ITV struggle to crown a Superstar



The Bible tells us that God made the world in six days, and on the seventh day he rested. That last part must have sounded pretty appealing to the Superstar hopefuls, caught in the midst of a gruelling singing marathon. Up for grabs: the role of Jesus in the arena tour of (Lord) Andrew Lloyd Webber’s and Tim Rice’s Jesus Christ Superstar later this year.

A few tears, a soupcon of drama and plenty of voices cracking under the strain brought us to Wednesday’s finale. Amanda Holden, impressively vapid to the end, continued her onslaught on the nation’s hearing by yelling into her mic and her assault on viewers’ patience by greeting every performance, however mundane, with: “Oh my goodness!”

The last three contestants – Ben, Roger and Rory – were, as it happened, the three I’d wanted in the final from the start. Poor Ben made a misstep as he kicked off with Queen’s Who Wants to Live Forever?, but handled the boob with disarming charm (sorry, must be Dawn French’s influence rubbing off on me there).  

Rory, my first choice from the word go, was up next with local radio favourite I Don’t Want to Miss a Thing. This time round, though, I found I didn’t agree with that sentiment and started checking Twitter instead. Meanwhile, Roger’s brave, last-minute decision to change his song paid off, his warm, rich voice caressing Elton John’s Don’t Let the Sun Go Down on Me.

Then, in a grudging nod to the fact this was actually a show about musical theatre, all three contestants joined forces for a cut-down, cut-price version of Gethsemane from Jesus Christ Superstar. Huge sighs of relief when that was over. (Not because anybody muffed “the scream”, but because it meant no one had to worry about pronouncing “Gethsemane” again anytime soon.)

Of course, to get a proper sense of how Rory, Roger and Ben would not only sing but, more importantly, also act the song, what we really needed to hear were three separate renditions of Gethsemane. But since ITV had long since given up on the idea of the audience voting for talent – a change in the shows’ running order early on rendering a phone vote for your favourite personality the only option – it probably didn’t matter that much.
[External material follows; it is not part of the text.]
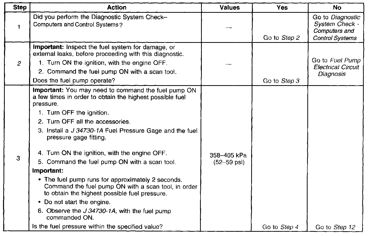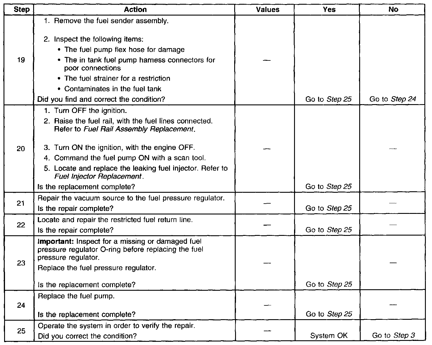 18. This step verifies that a circuit condition is not the cause of a fuel pressure concern. Inspect all fuel pump electrical circuits thoroughly.

Before the result was announced, there was (unfortunately) just time for Mel C, Jesus Christ Superstar’s Mary Magdalene, to sing I Don’t Know How to Love Him, joined by the Lord himself (no, not that one, the other one) on piano. And if, in promising us this “exclusive” performance, ITV meant “underwhelming” and “instantly forgettable”, they were bang on. By now, Amanda’s “Oh my goodness!” was sounding seriously devalued.
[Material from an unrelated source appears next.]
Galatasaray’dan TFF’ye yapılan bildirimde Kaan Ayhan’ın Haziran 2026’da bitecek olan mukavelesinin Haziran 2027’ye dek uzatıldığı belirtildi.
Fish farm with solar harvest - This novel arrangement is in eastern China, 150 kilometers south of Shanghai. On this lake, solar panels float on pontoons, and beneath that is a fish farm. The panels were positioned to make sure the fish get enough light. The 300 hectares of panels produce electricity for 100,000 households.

In the end, Rowan Atkinson lookalike Ben Forster emerged triumphant. And I suppose if Mr Bean put in a musical appearance at the Olympics opening ceremony, it’s not so very unlikely he’d pop up in a rock opera at the O2 arena.
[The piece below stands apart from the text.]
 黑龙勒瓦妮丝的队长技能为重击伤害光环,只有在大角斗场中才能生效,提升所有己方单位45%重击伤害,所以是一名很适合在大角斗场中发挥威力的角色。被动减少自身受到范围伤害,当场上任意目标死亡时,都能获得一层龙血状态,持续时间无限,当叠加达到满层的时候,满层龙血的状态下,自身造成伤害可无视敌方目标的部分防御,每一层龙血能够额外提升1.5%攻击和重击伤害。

I’ve watched most of the Lloyd Webber talent shows and this was the first series where I couldn’t pick out an obvious winner. Stripping Superstar across 10 nights gave us less time to get to know the characters involved – and a few more musical theatre songs would have helped enormously to prove who had the acting chops for the role.

Appearances by The Scissor Sisters, Paloma Faith and Gary Barlow were all very well, but why didn’t we see some contributions from West End shows? Phantom, Les Mis, The Lion King and Blood Brothers, to name but a few, all have some storming tunes, far better suited to a musical theatre talent show. Throw in a presenter who’s a personality-free zone and a production team who couldn’t see that by holding the sing-off at the start of each show they were squandering all the tension, and in the end it amounts to a less than impressive offering.

I love Andrew Lloyd Webber’s star searches and I hope he’ll do others in future. But on this showing, I’m praying 
fervently for no Second Coming from ITV.